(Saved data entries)
*** Begin section ***

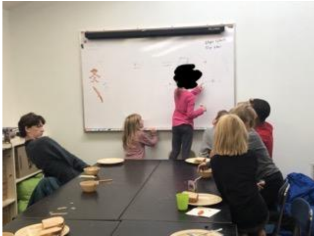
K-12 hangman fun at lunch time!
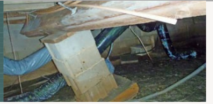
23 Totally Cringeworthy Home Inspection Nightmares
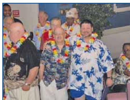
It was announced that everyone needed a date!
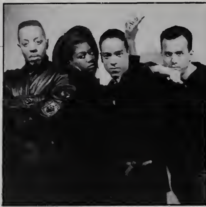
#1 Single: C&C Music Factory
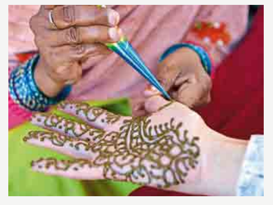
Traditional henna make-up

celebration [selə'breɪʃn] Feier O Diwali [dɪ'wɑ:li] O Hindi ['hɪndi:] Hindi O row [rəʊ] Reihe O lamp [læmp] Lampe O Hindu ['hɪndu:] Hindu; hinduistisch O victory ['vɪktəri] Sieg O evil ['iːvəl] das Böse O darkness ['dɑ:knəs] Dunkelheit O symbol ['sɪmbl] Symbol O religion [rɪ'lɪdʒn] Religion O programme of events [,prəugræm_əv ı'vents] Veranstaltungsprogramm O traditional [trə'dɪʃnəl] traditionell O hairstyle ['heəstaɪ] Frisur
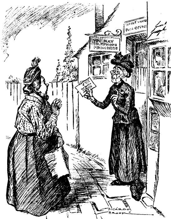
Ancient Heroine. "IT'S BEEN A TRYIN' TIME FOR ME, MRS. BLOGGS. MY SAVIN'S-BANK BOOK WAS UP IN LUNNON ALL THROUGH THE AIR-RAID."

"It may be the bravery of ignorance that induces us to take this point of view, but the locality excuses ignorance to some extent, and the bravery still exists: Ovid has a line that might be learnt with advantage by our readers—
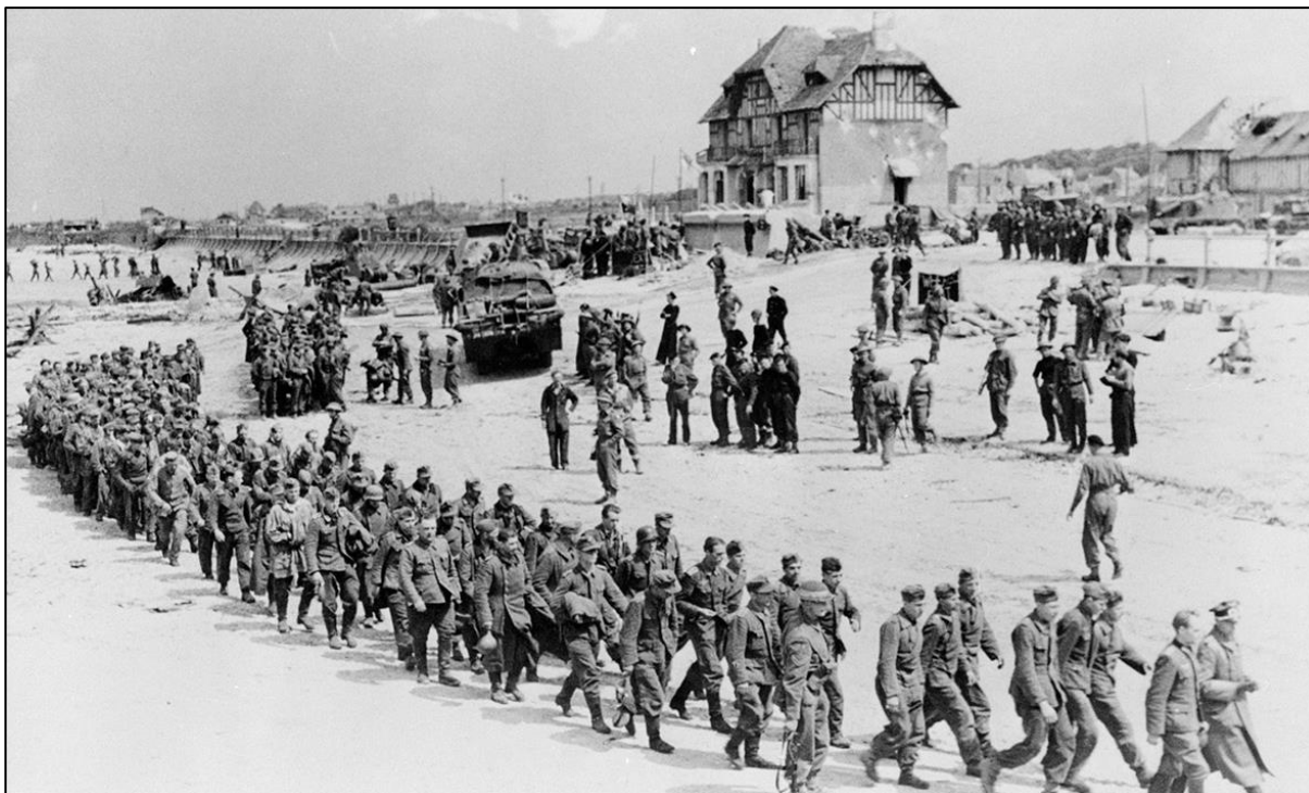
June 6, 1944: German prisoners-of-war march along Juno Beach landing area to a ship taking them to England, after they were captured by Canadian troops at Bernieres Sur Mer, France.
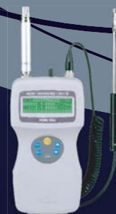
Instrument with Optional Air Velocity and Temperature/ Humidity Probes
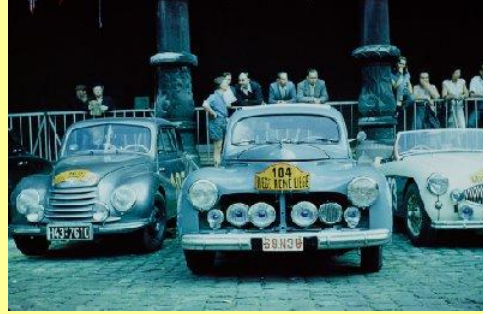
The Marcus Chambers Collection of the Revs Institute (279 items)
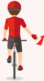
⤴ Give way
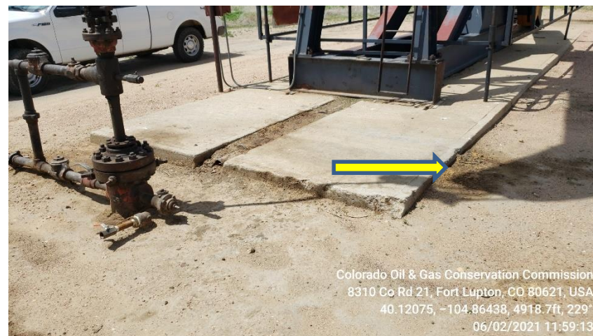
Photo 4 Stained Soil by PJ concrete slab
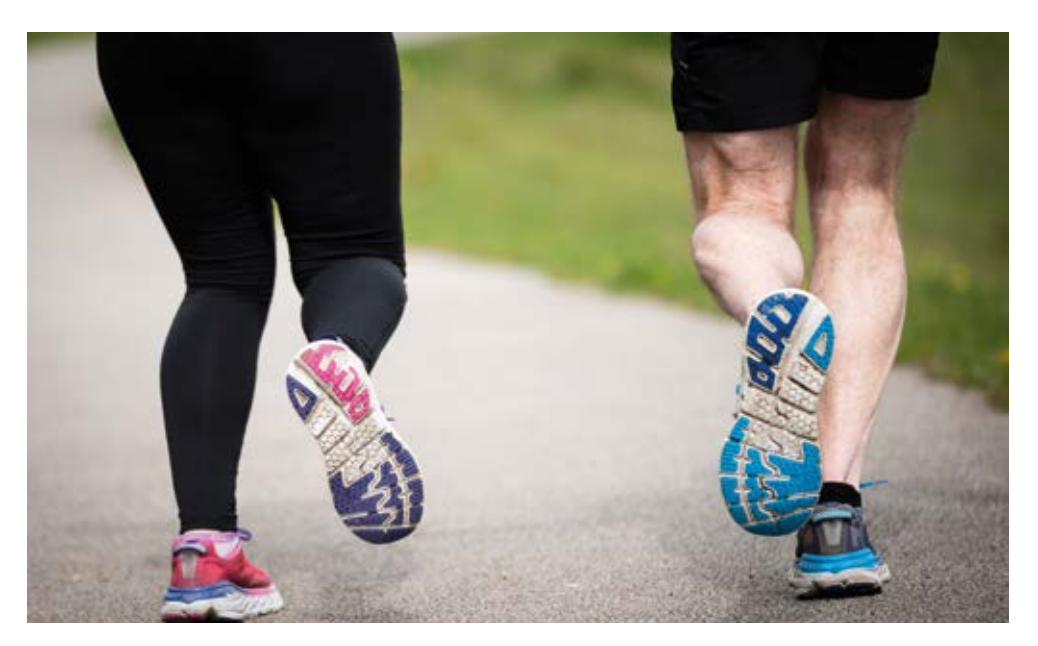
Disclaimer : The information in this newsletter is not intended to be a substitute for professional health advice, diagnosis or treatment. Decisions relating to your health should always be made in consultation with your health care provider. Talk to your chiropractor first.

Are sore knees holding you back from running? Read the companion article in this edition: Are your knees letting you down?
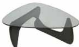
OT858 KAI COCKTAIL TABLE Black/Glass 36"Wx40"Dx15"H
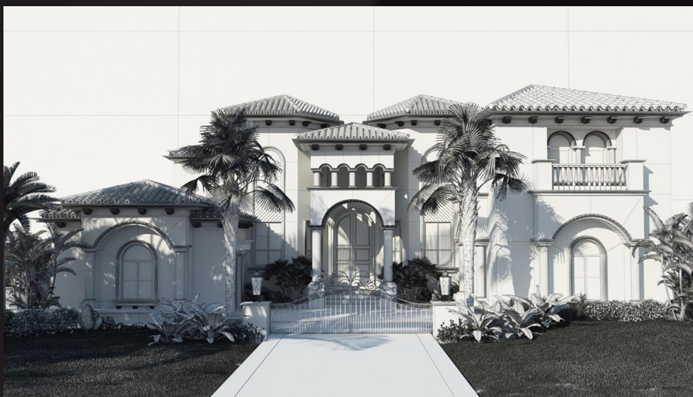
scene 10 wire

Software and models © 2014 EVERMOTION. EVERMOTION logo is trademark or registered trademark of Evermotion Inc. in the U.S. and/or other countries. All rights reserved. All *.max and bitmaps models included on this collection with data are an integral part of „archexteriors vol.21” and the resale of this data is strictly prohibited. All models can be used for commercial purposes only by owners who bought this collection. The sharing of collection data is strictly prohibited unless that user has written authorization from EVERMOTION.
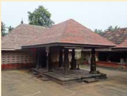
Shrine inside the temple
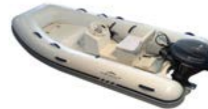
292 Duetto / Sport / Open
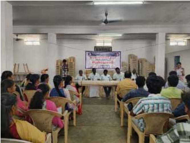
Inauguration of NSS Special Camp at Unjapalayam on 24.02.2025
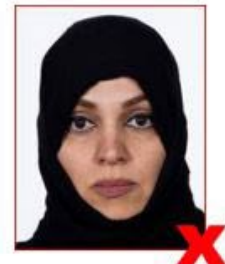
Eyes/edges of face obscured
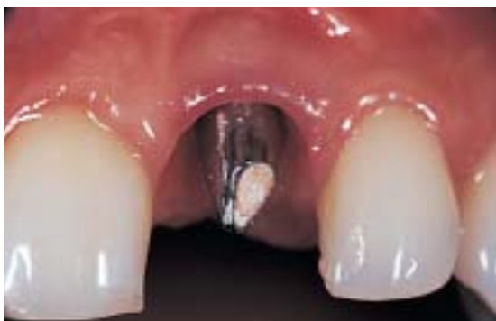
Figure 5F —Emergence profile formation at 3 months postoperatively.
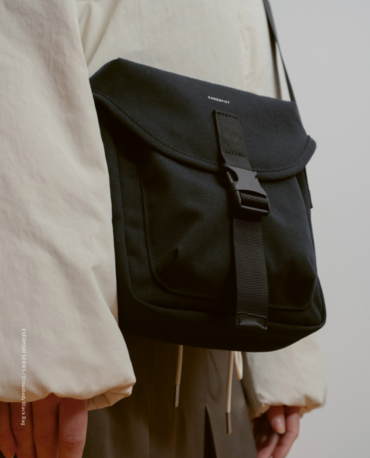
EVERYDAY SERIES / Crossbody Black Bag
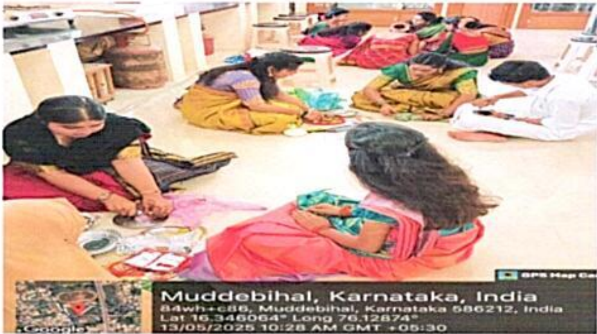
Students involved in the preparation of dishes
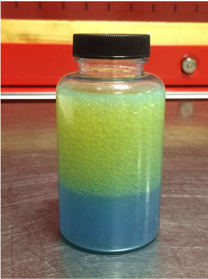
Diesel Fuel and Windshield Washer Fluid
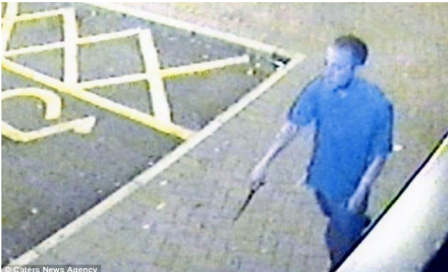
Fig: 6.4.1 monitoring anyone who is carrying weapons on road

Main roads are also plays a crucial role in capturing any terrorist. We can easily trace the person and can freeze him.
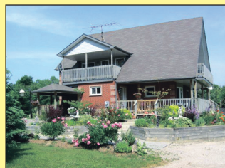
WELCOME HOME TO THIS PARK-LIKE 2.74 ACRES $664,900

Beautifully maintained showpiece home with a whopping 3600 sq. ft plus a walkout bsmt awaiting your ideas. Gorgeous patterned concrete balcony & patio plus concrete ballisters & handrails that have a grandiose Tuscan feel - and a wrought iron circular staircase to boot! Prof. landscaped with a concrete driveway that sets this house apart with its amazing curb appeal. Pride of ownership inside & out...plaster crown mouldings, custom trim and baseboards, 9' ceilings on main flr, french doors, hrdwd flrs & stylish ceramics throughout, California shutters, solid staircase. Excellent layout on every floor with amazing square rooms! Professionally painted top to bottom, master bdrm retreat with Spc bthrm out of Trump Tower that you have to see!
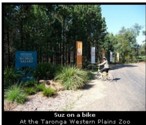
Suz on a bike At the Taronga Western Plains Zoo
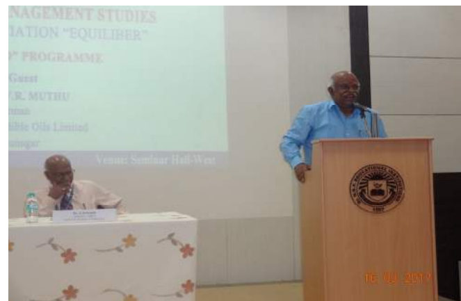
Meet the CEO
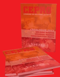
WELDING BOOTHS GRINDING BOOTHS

*** End section ***

YOUR TASK:
Please print the lines above word for word, starting at the one with "Software and models" and ending at the one with "WELCOME HOME TO", both included, and without any picture.

EXERCISE OUTPUT:
Software and models © 2014 EVERMOTION. EVERMOTION logo is trademark or registered trademark of Evermotion Inc. in the U.S. and/or other countries. All rights reserved. All *.max and bitmaps models included on this collection with data are an integral part of „archexteriors vol.21” and the resale of this data is strictly prohibited. All models can be used for commercial purposes only by owners who bought this collection. The sharing of collection data is strictly prohibited unless that user has written authorization from EVERMOTION.
Shrine inside the temple
292 Duetto / Sport / Open
Inauguration of NSS Special Camp at Unjapalayam on 24.02.2025
Eyes/edges of face obscured
Figure 5F —Emergence profile formation at 3 months postoperatively.
EVERYDAY SERIES / Crossbody Black Bag
Students involved in the preparation of dishes
Diesel Fuel and Windshield Washer Fluid
Fig: 6.4.1 monitoring anyone who is carrying weapons on road

Main roads are also plays a crucial role in capturing any terrorist. We can easily trace the person and can freeze him.
WELCOME HOME TO THIS PARK-LIKE 2.74 ACRES $664,900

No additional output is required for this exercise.